Data masking, data scrambling, and just plain old obfuscation: these are ways to get developers access to production-quality data for testing purposes without actually giving them real production data. It’s much harder than it looks, though.
The Easy Part: Obfuscating Data
Developers love working with production data. Today’s privacy-concerned companies aren’t quite so keen on giving developers complete access to that data, though, even from a restored backup of production. They’re worried about developers dumping out a list of customers, credit card numbers, birthdays, addresses, you name it, and then selling that data to a competitor.
Companies want to quickly obfuscate production data en route to production. They want to restore production databases in development, run some process, and then let developers test their apps without seeing real production data.
They don’t want to obfuscate every field – for example, financial transactions might want to preserve similar dollar data in order to make it easier to sanity-check reports. We can’t have tax rates being randomized, for example, because we need those to behave predictably when looking at invoices.
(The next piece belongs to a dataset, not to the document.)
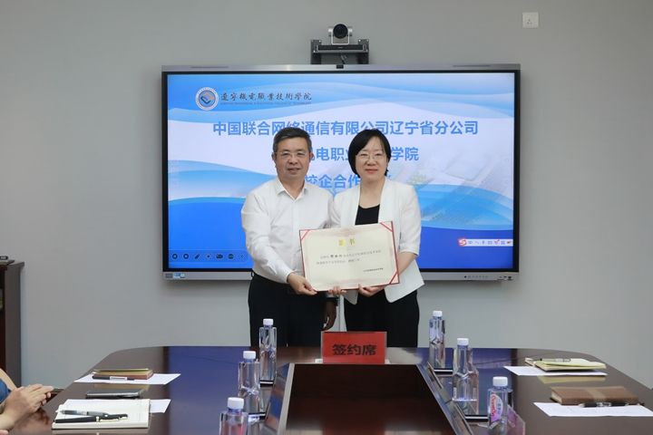 6 月 10 日,我校与中国联合网络通信有限公司辽宁省分公司在行政中心会议室举行战略合作框架协议签约仪式,正式启动联通数字产业学院共建项目。辽宁联通公司副总经理许宏印、市政企 BG 常务副总裁韩广龙、丹东市分公司总经理黄会然一行代表企业出席会议。学校党委书记曲壮凯、副校长王岩、副校长王俊出席仪式。王俊主持签约仪式。

Hard Part #1: Maintaining the Storage Profile with Scrambled Data
The easy way to obfuscate data is to encrypt it. However, encrypting data tends to produce a totally different size of the data. To see an example in action, visit this encryption demo page. Click Random to generate a key, type something into the Plain Text, and click Encrypt:
Suddenly, the data’s much longer. That may not be a problem for varchar fields, but it’s a hell of a problem for ints, dates, credit card numbers, etc:
The wider the data becomes, the less fits per page in SQL Server. Encrypting client names suddenly makes each record wider, and that changes how queries perform. Ideally, the obscured data needs to be the same size as the original data.
Hard Part #2: Maintaining Statistics Distribution With Security
In a typical American phone book, there’s a lot of people with the last name of Smith. If we look at a typical histogram of that last name data, some last names are going to have a lot of records, and others won’t have many at all.
SQL Server builds statistics that have histograms showing distribution of data in each column, and then it uses those statistics to build execution plans. When we test SQL Server queries in development, we want to get similar variations in query plans.
It’s easy to obfuscate data by simply randomizing it – if we have a date field, just use a random number generator – but that won’t have the same distribution as our source data.
Ideally, the obscured data needs to have a similar distribution as the original data. If I have a People table with 1,000 records, all of which have a last name of Smith, then my obscured data should all also have the same last name. However, if my People table has 500 people named Smith and then 500 other people with unique last names, my obscured data needs to have 501 unique last names as well, one of which will have 500 records in the table.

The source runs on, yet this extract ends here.